As proposed by Tomohiro et al., the hypoalbuminemia separately predicts cardiac morbidity, and also mortality, for various kinds of chronic kidney disease-related patients by CRT. These kinds of observations are helpful in identifying the albumin levels, by the information of long-term prognosis in chronic kidney disease-related patients who willingly undergo CR [2]. Multiple linear regression was used [3] to implement our algorithm. According to Mark Tranmer et al., a multiple linear regression analysis is used to estimate the values of outcome variable, Y, provided with a set of p explanatory variables (x1, x2, …, xp). Mu-Jung Huang et al. adopts data cleaning and analysis methods [4] to explore meaningful guidelines from health-related data and employs case-based reasoning that always favors the highly severe diseases diagnosis and their treatments and working on these processes for more efficient working system. Swati Gupta et al. provided with introduction to linear regression algorithm [5] and explained its implementation. The researcher concentrated on the formulation and test data for linear regression. According to Dimitris Bertsimas et al., linear regression model is considered with response vector, model matrix, regression coefficients, and errors [6]. The linear regression models the relationship between a dependent variable and explanatory variables. Linear discriminant analysis and logistic regression are the most widely used statistical methods [7] for analyzing the numerical (or categorical) outcome variables. Logistic regression is useful when the dependent variable is of binary outcome.

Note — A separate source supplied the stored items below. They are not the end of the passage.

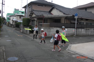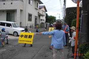 交通指導員の方々、民生委員の方々が町内数ヶ所の通学路で学童の交通指導をされていました。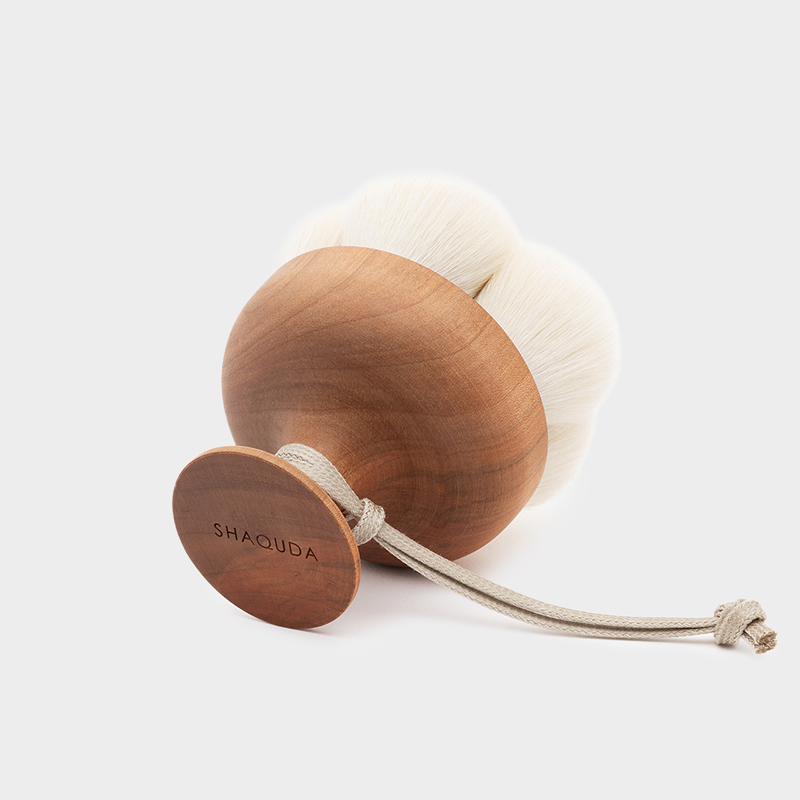 乾いた状態では、ドライブラッシングでのボディトリートメントに。濡らして石けんをつければボディの洗浄にも。繊細な天然毛が全身をやさしく洗い上げます。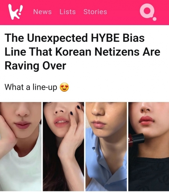 미국 연예매체 코리아부(Koreaboo)는 최근 '한국 네티즌들 사이에서 폭발적인 반응을 보이는 예상 밖의 하이브(HYBE) 최애 라인' 이라는 기사를 내보냈다.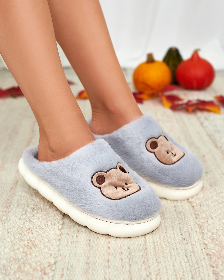 • Edinstveni ženski copati na ravnem podplatu, okrašeni z našitkom medvedka. Model je izdelan iz materiala, ki posnema krzno. Odlična izbira za domače obleke!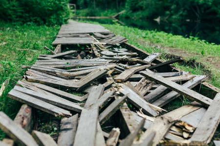 Old destroyed boardwalk in green forest. Nature wallpaper.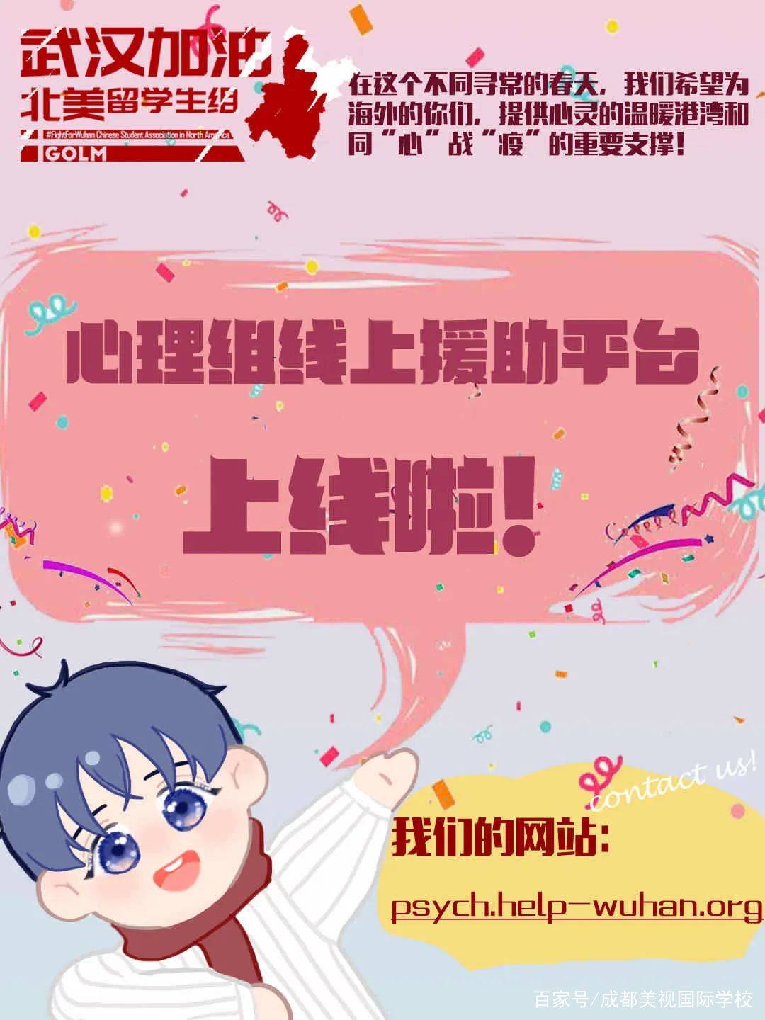 近期武漢加油·北美留學生組做的就是一個心理援助平臺對于目前身在海外的留學生提供一個心理支持。

According to David Broadhurst et al., variables in a linear regression can be selected [8] using backward or forward selection methods. These methods of elimination will help in building a linear model. Various logics were used to differentiate diffuse liver disorders, to categorize liver disorders under healthy and unhealthy liver patients, to diagnose hepatitis, and to perform the necessary operation required [9,10,11,12,13,14,15].

3 Methodology

The multiple linear regression algorithm is used, on the basis of which this model has been developed. In this study, the dependent/outcome variable used is ‘Albumin’. And independent/observation variables are ‘Age’, ‘Gender’, ‘Total Bilirubin’, ‘Direct Bilirubin’, ‘Alkphos’, ‘SGOT’, ‘SGPT’, ‘Total Proteins’, and ‘A/G Ratio’.

The correlation between independent variables was found out. It has been observed that ‘Direct Bilirubin’ and ‘Total Bilirubin’ were highly correlated. Hence, ‘Direct Bilirubin’ was eliminated from the model (in preprocessing phase). In this study, the first regression model was formed including uncorrelated independent variables. This model helped to classify the variables as ‘significant’ and ‘nonsignificant’. All the significant variables were included in the next regression model, and the nonsignificant variables were removed. The final regression model consisted of just the significant and uncorrelated independent variables (Fig. 1).

Fig. 1
figure 1

Proposed model

In the next phase of this study, relation between dependent and independent variables was established (as shown in Figs. 2, 3, and 4). It was found that dependent variable was highly correlated with each of the independent variable.

Fig. 2
figure 2

Plot bet. albumin and total bilirubin

Fig. 3
figure 3

Plot bet. albumin and A/G ratio

Fig. 4
figure 4

Plot bet. albumin and age

To check for near normal residuals, a histogram (Fig. 5) and a qqplot (Fig. 6) were plotted. Histogram elaborates the normal residual values about 0 and the qqplot displays a linear graph, both of which satisfy the near normal residual condition.

Fig. 5
figure 5

Histogram plot of residuals

Fig. 6
figure 6

qqplot between residuals and fitted values

In order to check for constant variability (i.e., whether the errors remain constant throughout), a graph was plotted between residuals and the fitted values as shown in Fig. 7. The graph seems to be constant in a particular region.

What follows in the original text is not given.